Menschen nach einer Explosion in Kerman, Iran
APA/AFP/Hazem Bader
Gaza-Krieg

Anschläge schüren Furcht vor Ausweitung

Nach einem Bombenanschlag im Iran mit fast hundert Toten am Mittwoch und der Tötung eines Anführers der islamistischen Hamas im Libanon am Dienstag wächst die Furcht vor einer Ausweitung des Gaza-Kriegs. Die mit der Hamas verbündete Hisbollah im Libanon droht mit Vergeltung für Saleh al-Aruris Tod.

Der Anschlag im Iran wurde laut Staatsmedien mit zwei im Abstand von etwa 15 Minuten gezündeten Bomben in der Nähe der Saheb-al-Saman-Moschee in Kerman verübt, auf deren Gelände sich das Grab des 2020 von den USA getöteten Generals Kassem Soleimani befindet. Dort hatten sich am Mittwoch an dessen viertem Todestag zahlreiche Menschen versammelt. Es seien 84 Tote und 284 Verletzte zu beklagen, korrigierte der Chef des nationalen Rettungsdienstes, Dschafar Miadfar, am Donnerstag laut der staatlichen Nachrichtenagentur IRNA die Zahl der Toten herunter.

Staatsmedien hatten die Zahl der Todesopfer am Mittwoch zunächst mit 103 angegeben, Gesundheitsminister Bahram Ejnollahi korrigierte sie am Abend dann auf 95. Rettungsdienst-Chef Miadfar begründete die Verwirrung um die Opferzahlen mit dem verheerenden Zustand, in dem sich einige Leichen nach den Explosionen befunden hätten.

Der iranische Präsident Ebrahim Raisi erklärte, es bestehe „kein Zweifel, dass die Urheber dieses feigen Akts bald identifiziert und bestraft werden“. Das geistliche Oberhaupt des Iran, Ajatollah Chamenei, machte die „bösen und kriminellen Feinde der iranischen Nation“ verantwortlich und kündigte eine „scharfe Reaktion“ an.

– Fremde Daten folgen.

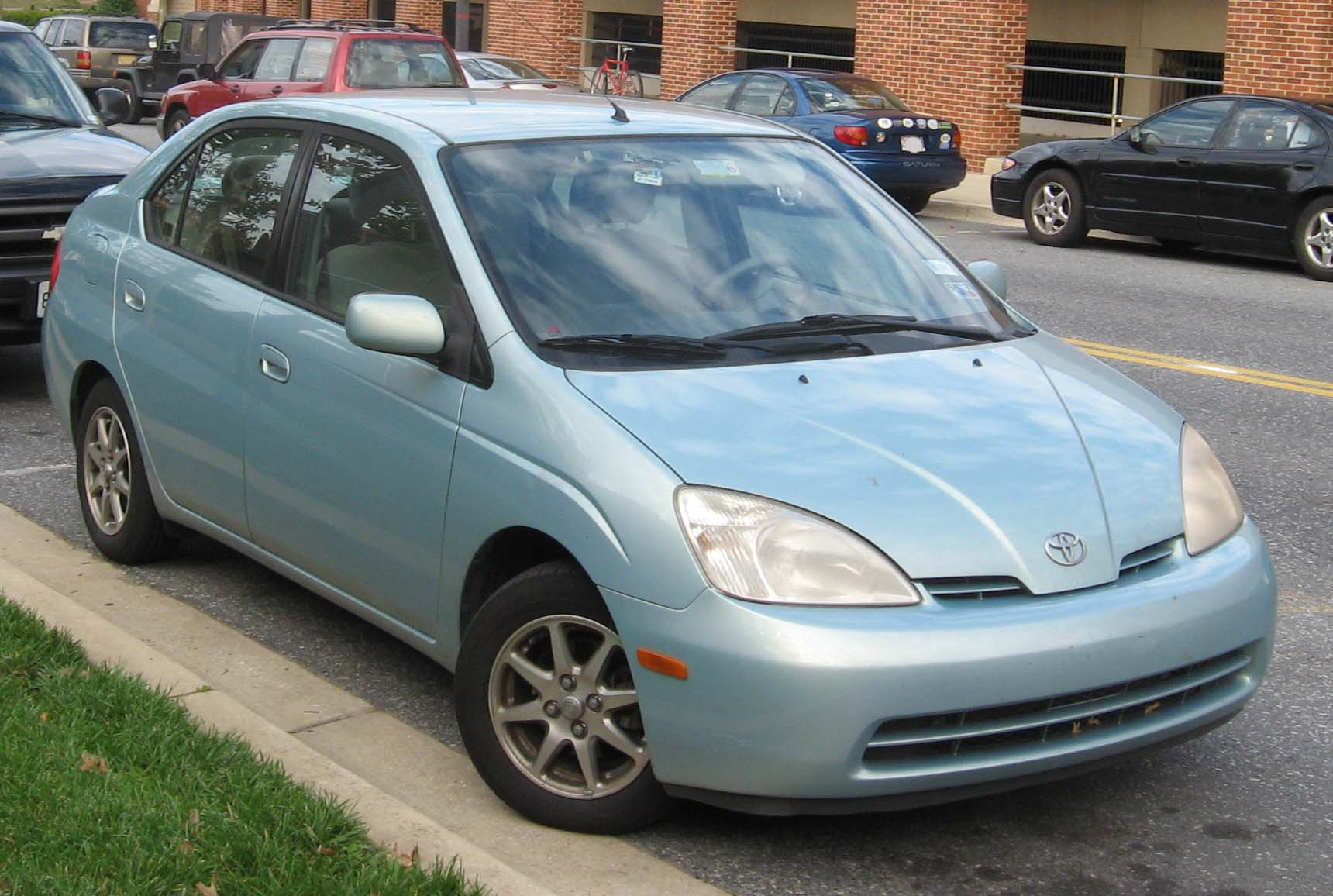 2000-2003 Toyota Prius photographed in College Park, Maryland, USA.
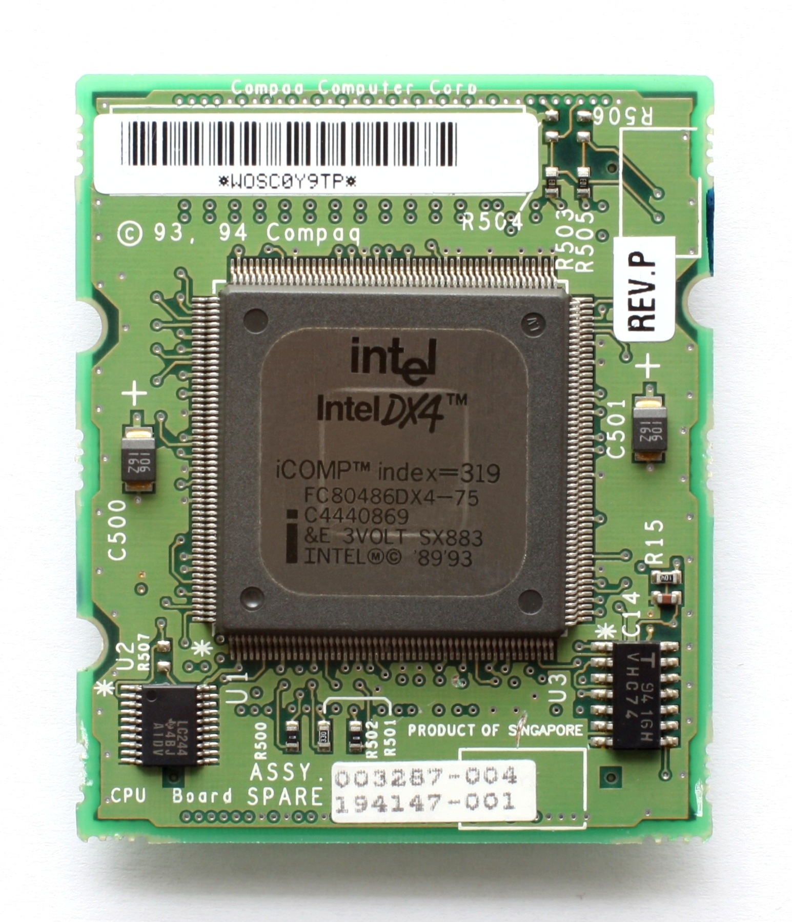 CPU Intel i486DX4-75 PQFP
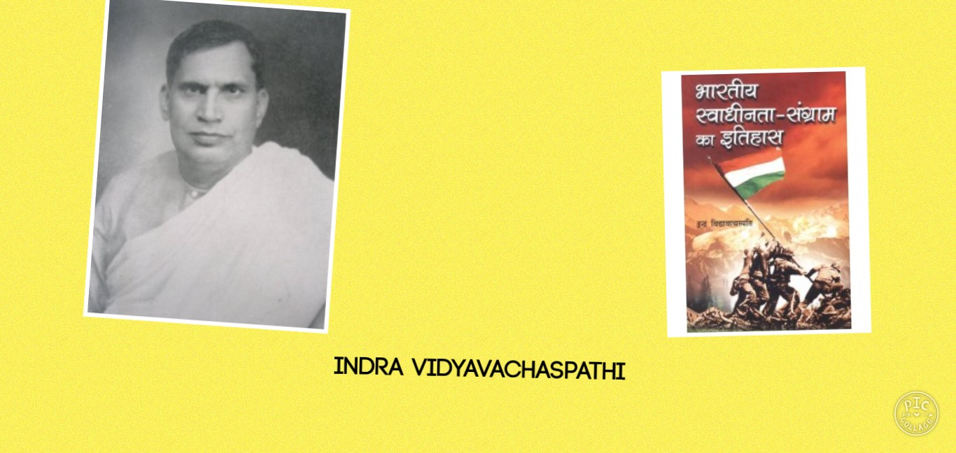 Indra vidyavachaspathi
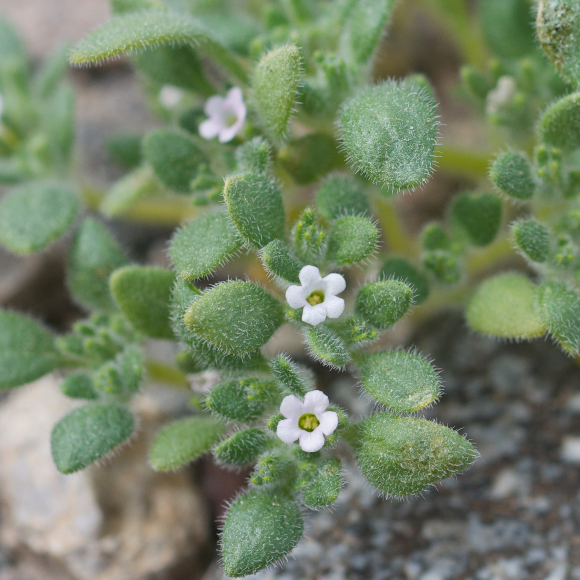 Species from California, Arizona, Nevada Photographed in a canyon off Badwater Road, Death Valley National Park, California
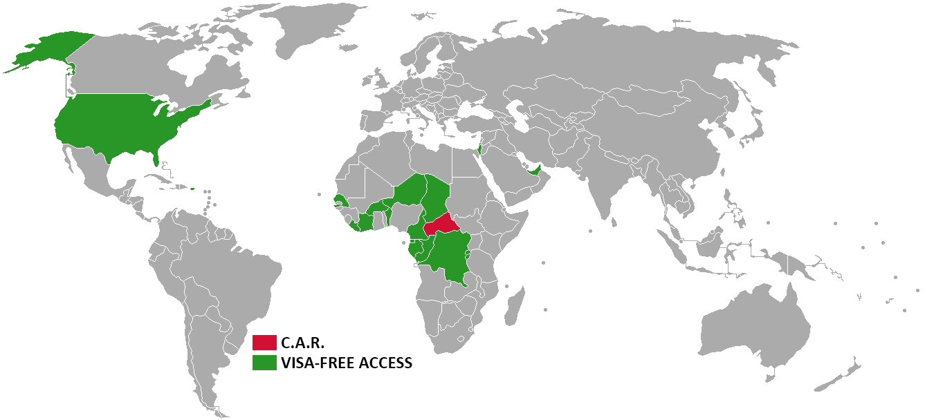 Visa policy of Central African Republic Central African Republic Visa exempt
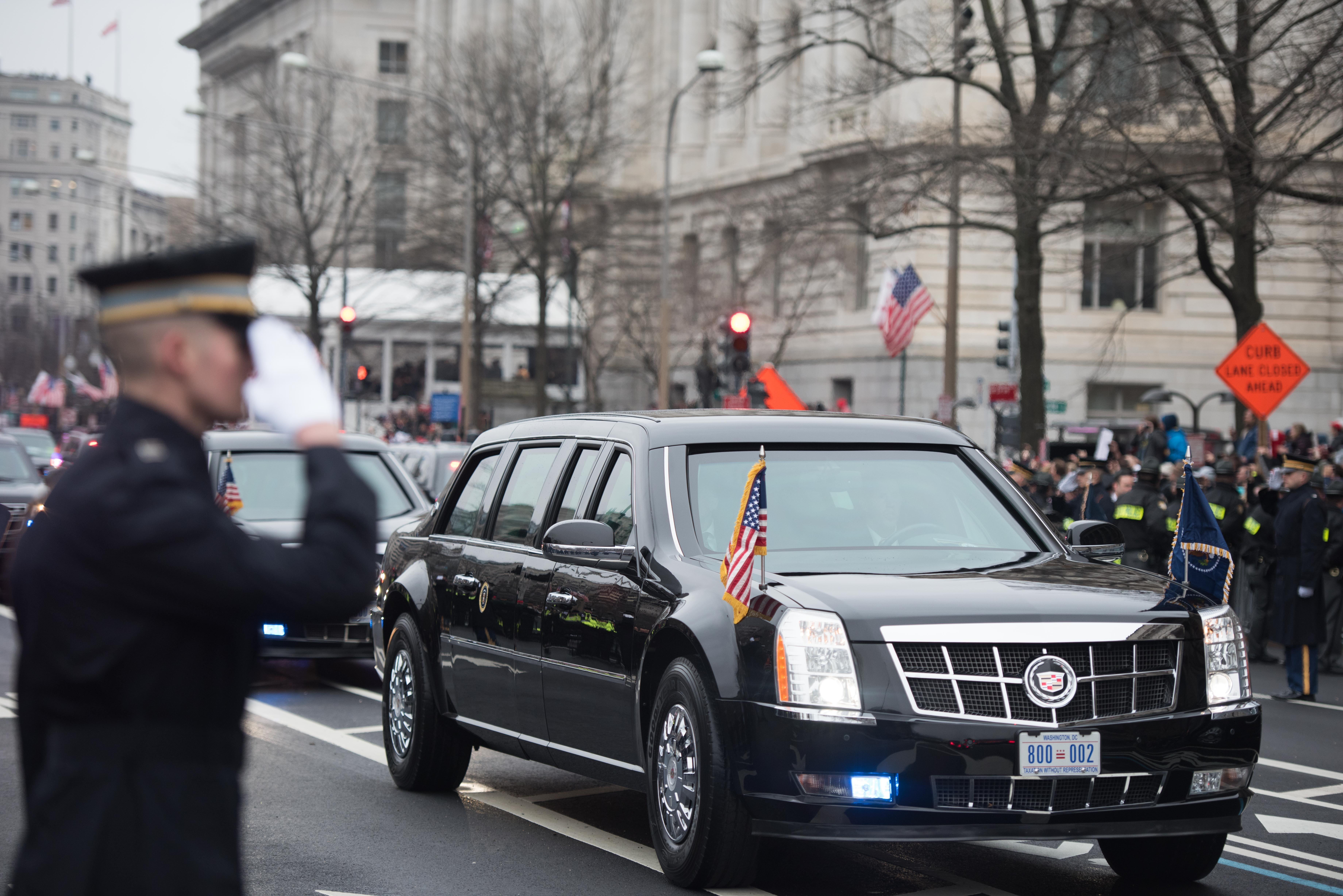 A soldier from the 3d Infantry Regiment (The Old Guard) salutes President Trump as his motorcade passes in the 58th Presidential Inaugural parade in Washington D.C., January 20, 2017. U.S. Armed Forces personnel provide ceremonial support to the 58th Presidential Inaugural during the Inaugural period. This support comprises musical units, marching elements, color guards, salute batteries, and honor cordons, which render appropriate ceremonial honors to the Commander-In-Chief. (U.S. Army photo by Pvt. Gabriel Silva)
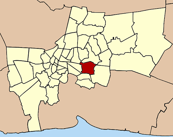 Map of Bangkok, Thailand, highlighting the district (khet) Suan Luang (สวนหลวง)
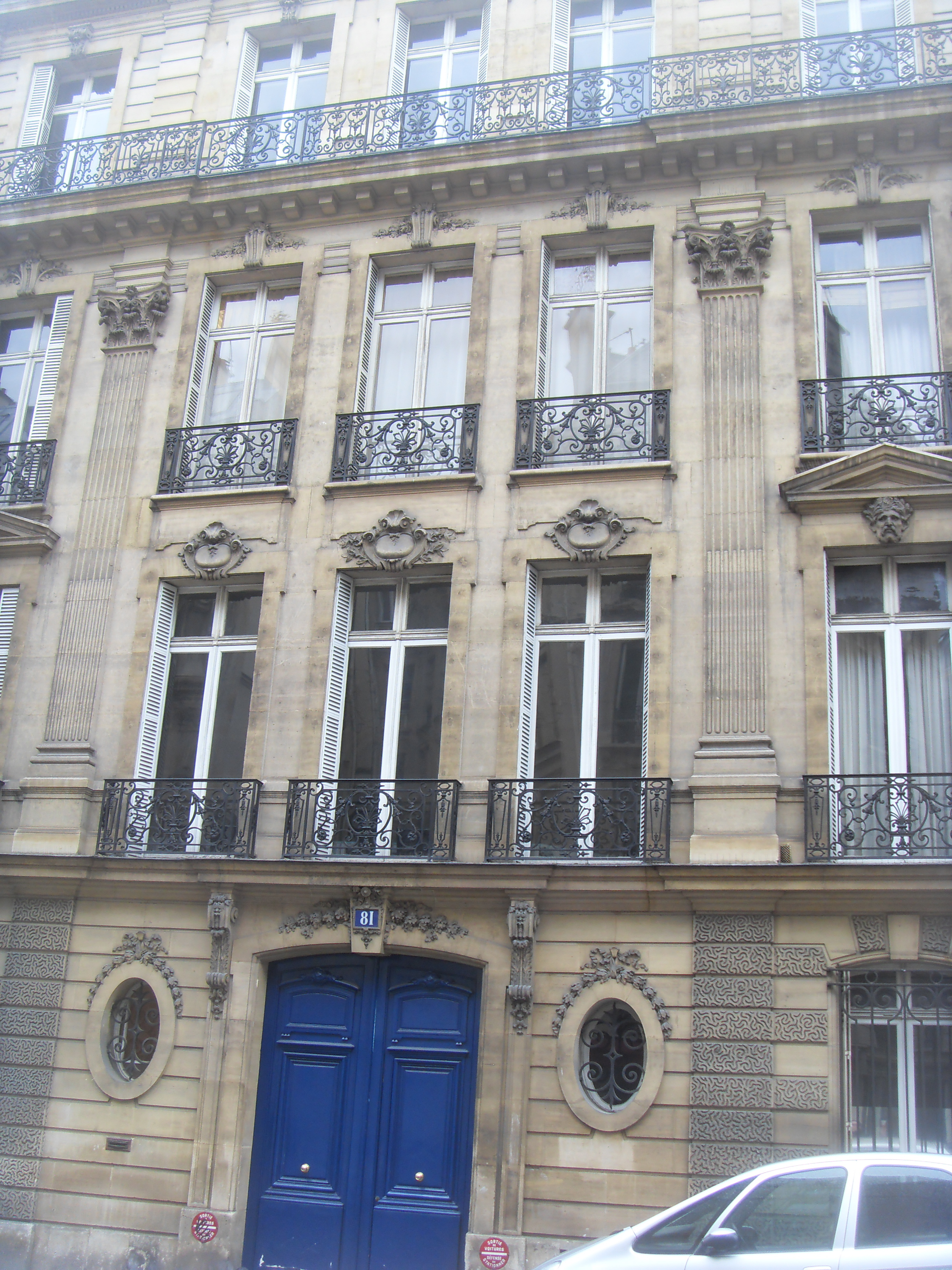 Hôtel Ephrussi, 81 rue de Monceau, Paris (residence of the Ephrussi family)

Präsidentenberater beschuldigt Israel und USA

Präsidentenberater Mohammad Dschamschidi wurde konkreter, als er Israel und die USA beschuldigte: „Washington sagt, die USA und Israel hätten keine Rolle bei dem Terroranschlag in Kerman, Iran, gespielt. Wirklich?“, schrieb Dschamschidi am Mittwoch auf X (Twitter). Die Verantwortung liege klar bei den USA und Israel, schrieb Dschamschidi weiter.

Die Führung in Teheran sprach von einer „terroristischen Tat“ und rief für Donnerstag einen landesweiten Trauertag aus. Bereits am Mittwochabend versammelte sich eine Menschenmenge am Anschlagsort und rief „Tod Israel“ und „Tod den USA“.

Im Juli 2023 hatte das iranische Geheimdienstministerium laut amtlicher Nachrichtenagentur IRNA erklärt, es habe eine „Spionageorganisation mit Verbindungen zu Israel“ zerschlagen. Diese habe „Terroreinsätze“ geplant, unter anderem eine Explosion an Soleimanis Grab.

USA weisen Beteiligung zurück

Ein Sprecher des US-Außenamtes stellte klar, die Vereinigten Staaten seien an dem Anschlag „in keinerlei Weise beteiligt, und jegliche Andeutung des Gegenteils ist lächerlich“. Die US-Regierung habe auch „keinen Grund zu der Annahme“, dass Israel mit dem Vorfall zu tun habe.

Blinken reist erneut in Nahen Osten

Angesichts der Entwicklungen bricht US-Außenminister Antony Blinken nach Regierungsangaben am Donnerstag erneut zu einer diplomatischen Reise in die Region auf. Blinken werde die Reise am Donnerstagabend antreten und in ihrem Verlauf unter anderem Israel besuchen, hieß es am Mittwochabend (Ortszeit) aus Regierungskreisen.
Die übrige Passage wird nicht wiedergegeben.